**Problem requirements**
The line containing "IORE3.SA: Iochpe-Maxion S.A." and every line after it, through the end of the material: copy these exactly and nothing else, leaving pictures out.

**Source data**
_ _ _ _ _

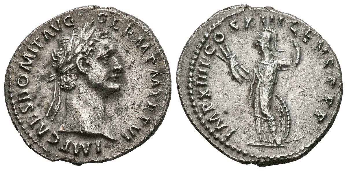 DOMICIANO. Denario. (Ar. 3,25g/20mm). 87-88 d.C. Roma. (RIC 509). Anv: Busto laureado de Domiciano a derecha, alrededor leyenda: IMP CAES DOMIT AVG GERM P M TR P VI. Rev: Minerva estante a izquierda portando rayo y lanza, a sus pies escudo, alrededor leyenda: IMP XIIII COS XIII CENS TR P. EBC-. Bonito ejemplar, escaso así.
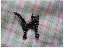 Добрейшего всем дня! Сегодня у нас опять котики. Причем черные))) Оригинал - здесь. Помяукалиехали! Черный кот Ход работы Плетение начинаем с ушек. Ряд 1: населяем 1 черную бисеринку на серединку проволоки. Ряд 2: На левый кончик проволоки надеть 2 бисерины и вторым кончиком зафиксируем наш набор. Получается ушко. Второе ушко делаем таким же образом. Далее плетем голову. Ушки пока отложим. Ряд 1: набрать 3 бисерины на кончик проволоки, который идет от правого ушка. На левый кончик 4 бисерины и зафиксировать (проходим одним кончиков через бисер, который мы набрали на другой кончик проволоки, а затем – наоборот). Оба конца проволоки спрячем (надо пропустить через бисерину, которая находится между ушек в ряду ниже; закрепляем). Ряд 2: одеваем на первый кончик проволоки черную, зеленую, 2 черных, 1 зеленую, 1 черную бисерины и фиксируем вторым кончиком проволоки. Ряд 3: набираем 6 бисеринок и фиксируем набор. Ряд 4: 4 черные бисерины и фиксируем. Ряд 5: 3 бисерины и фиксируем набор. Пров
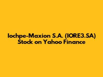 IORE3.SA: Iochpe-Maxion S.A. Stock On Yahoo Finance
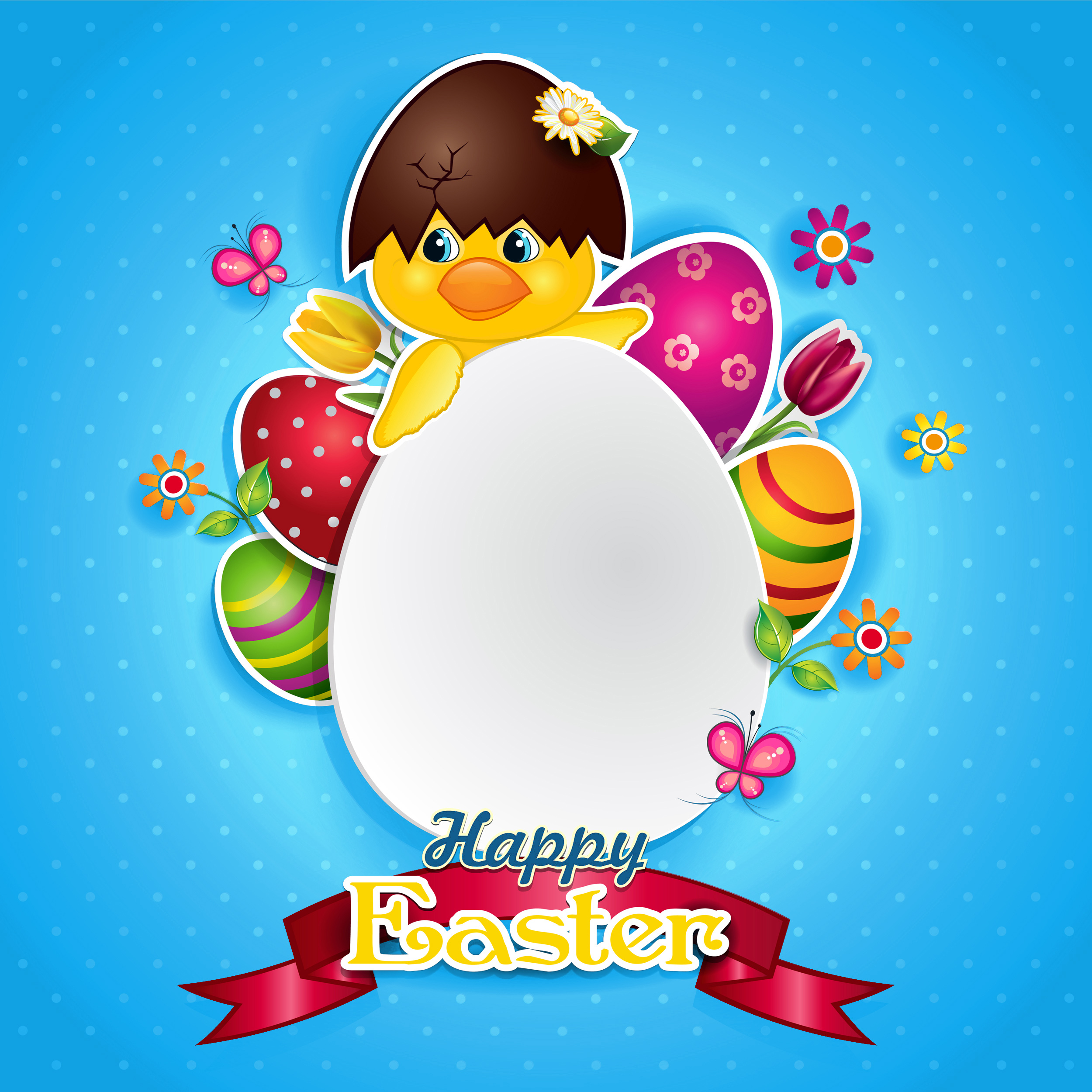 This Background: "Blue Happy Easter Background with Chiken" is part of

_ _ _ _ _

**Result of the task**
 IORE3.SA: Iochpe-Maxion S.A. Stock On Yahoo Finance
 This Background: "Blue Happy Easter Background with Chiken" is part of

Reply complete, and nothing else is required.